(750f) An Accurate Force Field for Graphitic Materials Including Virtual Pi Electrons and Applications to Understand Carbon Nanotube Dispersion in Solvents and Polymer Solutions

Authors: 
Heinz, H., University of Colorado Boulder
Pramanik, C., University of Colorado Boulder
Gissinger, J., University of Colorado-Boulder
Kumar, S., Georgia Institute of Technology
A new, compatible all-atom force field for graphene, graphite, carbon nanotubes and related materials is introduced as part of the Interface force field (IFF) that enables improvements in the reproduction of surface energies, hydration energies, contact angles, cation-pi interactions, and prediction of multiphase assembly by an order of magnitude compared to earlier models.

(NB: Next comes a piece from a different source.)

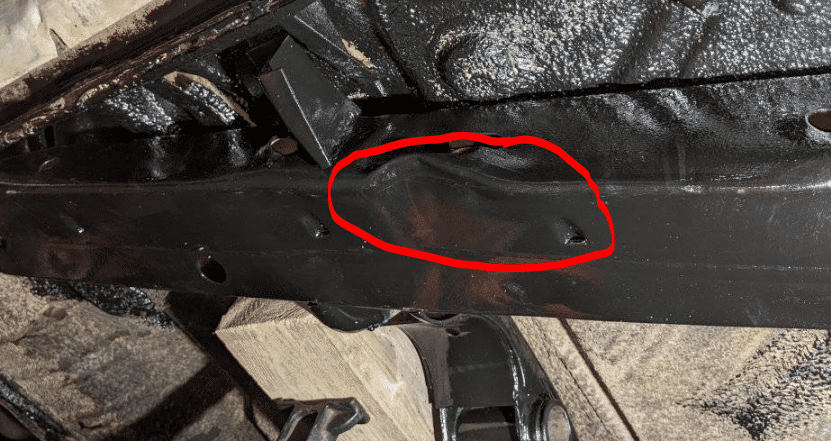 For anyone who does not know, the upper control arms are different. The drivers side, left side, is wider on the forward arm of the control arm, marked L. I think it's also cool that the factory paint ends short of the upper ball joint.

The models are compatible with IFF, PCFF, CVFF, CHARMM, and several other force fields. Molecular dynamics simulations with these interatomic potentials that include virtual π electrons are reported to explain the interaction of pristine single wall CNTs with solvents and polymer solutions at 25 °C. Debundling and dispersion of carbon nanotubes (CNTs) in polymer solutions plays a major role in the preparation of carbon nanofibers due to early effects on interfacial ordering and mechanical properties. A roadblock toward ultrastrong fibers is the difficulty to achieve homogeneous dispersions of CNTs in polyacrylonitrile (PAN) and poly(methyl methacrylate) (PMMA) precursor solutions in solvents such as dimethyl sulfoxide (DMSO), N,N-dimethylacetamide (DMAc), and N,N-dimethylformamide (DMF). The results quantify CNT-solvent, polymer-solvent, as well as CNT-polymer interactions in atomic detail, including wrapping of PMMA around CNTs which remarkably changes interfacial properties. Quantitative comparisons with solubility parameters and experimental data are reported. See details in: Pramanik et al. ACS Nano 2017, 11, 12805-12816.